I'm not quite sure what you mean by the "z plane"; do you mean that its heading is at an angle of 0 degrees to the z-axis? In that case there are at least two ways you could approach the problem. If your displacement vector is d, then if its angle to the z-axis is 0 (i.e. it is parallel to the z-axis), you have ‖d‖ = d · k = d_{z} (where k is your unit vector in the z-axis), so if ‖d‖ = 1, you must have d = (0, 0, 1). A second, more straightforward method is this: You know that your displacement vector in spherical coordinates is (r, θ, ϕ) = (1, 0, 0). Then you could transform from spherical coordinates to Cartesian coordinates: x = r sin θ cos ϕ y = r sin θ sin ϕ z = r cos θfrom which you would get x = 0, y = 0, and z = 1.
Another way is to use the "direction angles", the angles the vector makes with with each of the axes, say [itex]\theta_x[/itex], [itex]\theta_y[/itex], [itex]\theta_z[/itex]. Of course there are three angles when, as said above[, you need only two, so those are not independent: for any vector, [itex]cos^2(\theta_x)+ cos^2(\theta_y)+ cos^2(\theta_z)= 1[/itex] so the components of a unit vector are just its "direction cosines".
ok, starting to make sense but how exactly did you figure out x = r sin θ cos ϕ y = r sin θ sin ϕ z = r cos θ because x = 0, y = 0, and z = 1 is the exact answer and I want to know your method you used to figure out those formulas, and do you have to use trig? also, i have a question related to 2d math. If you consider a similar problem where an object lies at (0,0) and has a heading of 45 degrees and its distance is 1 than the new x,y co-ord should be (0.5,0.5) right? but when you do the trig it gives you (0.707,0.707) which one is right?
You can derive the relations for spherical coordinates using some trigonometry. Wikipedia has them but unfortunately doesn't show a derivation; here's a rough sketch of how it works: Let's say you have a vector r specified in spherical coordinates by (r, θ, ϕ), where r is the length, θ is the angle to the z-axis, and ϕ is the angle you get in the xy-plane by projecting r onto the xy-plane. (See the first figure on the Wikipedia article for an idea of what this looks like.) The dotted triangle has three sides: the vector r itself, the vertical side which has length z, and the bottom side being a vector that we'll call, say, r', with length r'. Trigonometry gives z = r cos θ and r' = r sin θ. Now this r' vector is entirely in the xy-plane, and its x and y components are the same as those of r, so you end up with x = r' cos ϕ and y = r' sin ϕ. Putting r' = r sin θ gives the result. For your second question, (0.707, 0.707) is correct. If you check the length of (0.5, 0.5), you get about 0.707 by the Pythagorean theorem, not 1.

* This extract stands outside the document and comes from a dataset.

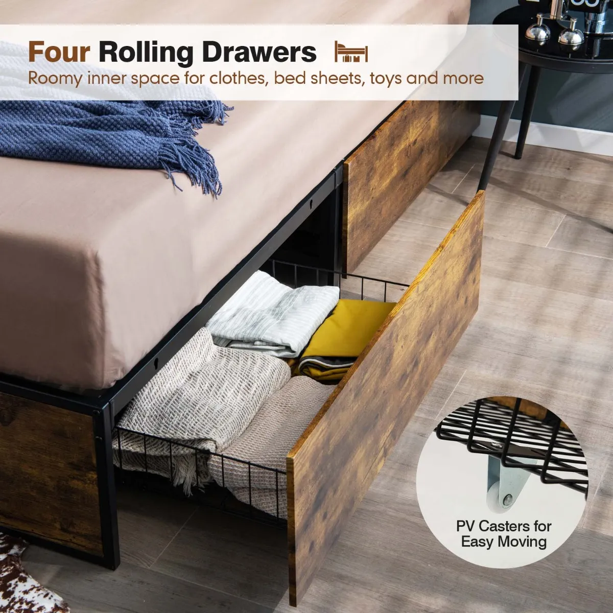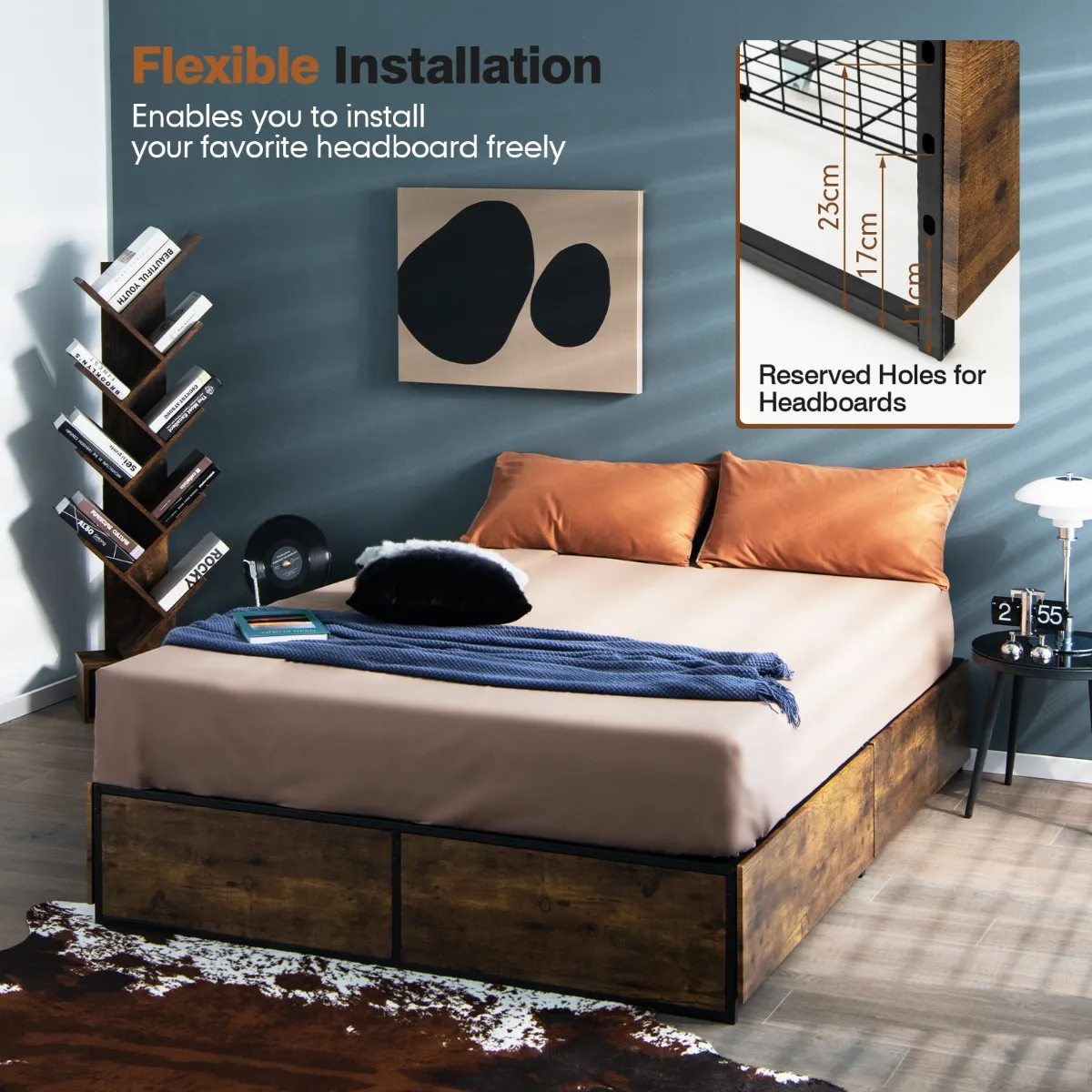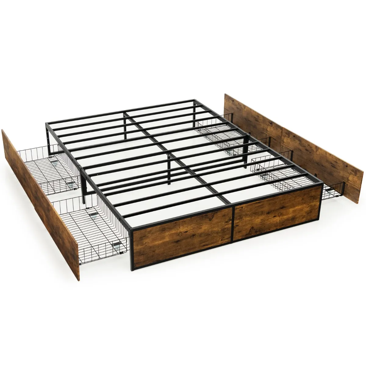 【Handige opslag toevoeging】: Behalve een ruim slaapgedeelte heeft het metalen bed ook 4 grote laden met soepele PV-wielen, waarin u seizoenskleding, lakens, kinderspeelgoed en meer kunt opbergen. Dit is precies waarom het platform bed perfect is voor kleine appartementen met beperkte ruimte.

so your saying that if you travelled 1 metre on a 45 degree angle you would travel 0.5 m on the x axis and the y axis or 0.707 m on the x and y axis because 0.5 m makes much more sense.
It would be 0.707 m. If you move in a straight line such that your positions along the x- and y-axes each change by 0.5 m, you will have traveled 0.707 m. If you first went 0.5 m in the x direction and then 0.5 m in the y direction, then yes, the distance you traveled would be 1 m, but the displacement from the original location would only be 0.707 m (because you didn't go in a straight line).
ok I think i understand so if an object travels 1 m on a 45 degree angle from (0,0) it is now at (0.707, 0.707)? now im starting to wonder where did sin cos and tan come from and how do they actually work in 2D cuz i dont really just like using them without understanding them.
Hopefully you see that the x and y components of a vector of length 1 can't be 1/2 because of the Pythagorean theorem: (1/2)^{2}+ (1/2)^{2}= 1/4+ 1/4=1/2, not 1. [tex]\left(\frac{\sqrt{2}}{2}\right)^2+ \left(\frac{\sqrt{2}}{2}\right)^2= \frac{2}{4}+ \frac{2}{4}[/tex] [tex]= \frac{1}{2}+ \frac{1}{2}= 1[/tex] As for "where sin cos and tan come from", they are DEFINED in terms of ratios of exactly the quantities you are talking about. Here's a nice little introduction: http://www.clarku.edu/~djoyce/trig/
Wha, that wikipedia-pic sure was confusing. This one that is easier to understand, not using the same axis-system though, just rename x/y/z if you find it confusing. The big blue dot is a point in the 3d-space. The big black dot is a point on the XZ-plane straight below the 3d-point. Now you can easily see that it simply consists of two 2d-triangles, one blue and one red. The length of b is simply found by using trig on the blue triangle, that's why adriaks formulas for x and y have two trig-terms while z only has one: x = r sin θ cos ϕ y = r sin θ sin ϕ z = r cos θNote again that it's not the same coordinate system.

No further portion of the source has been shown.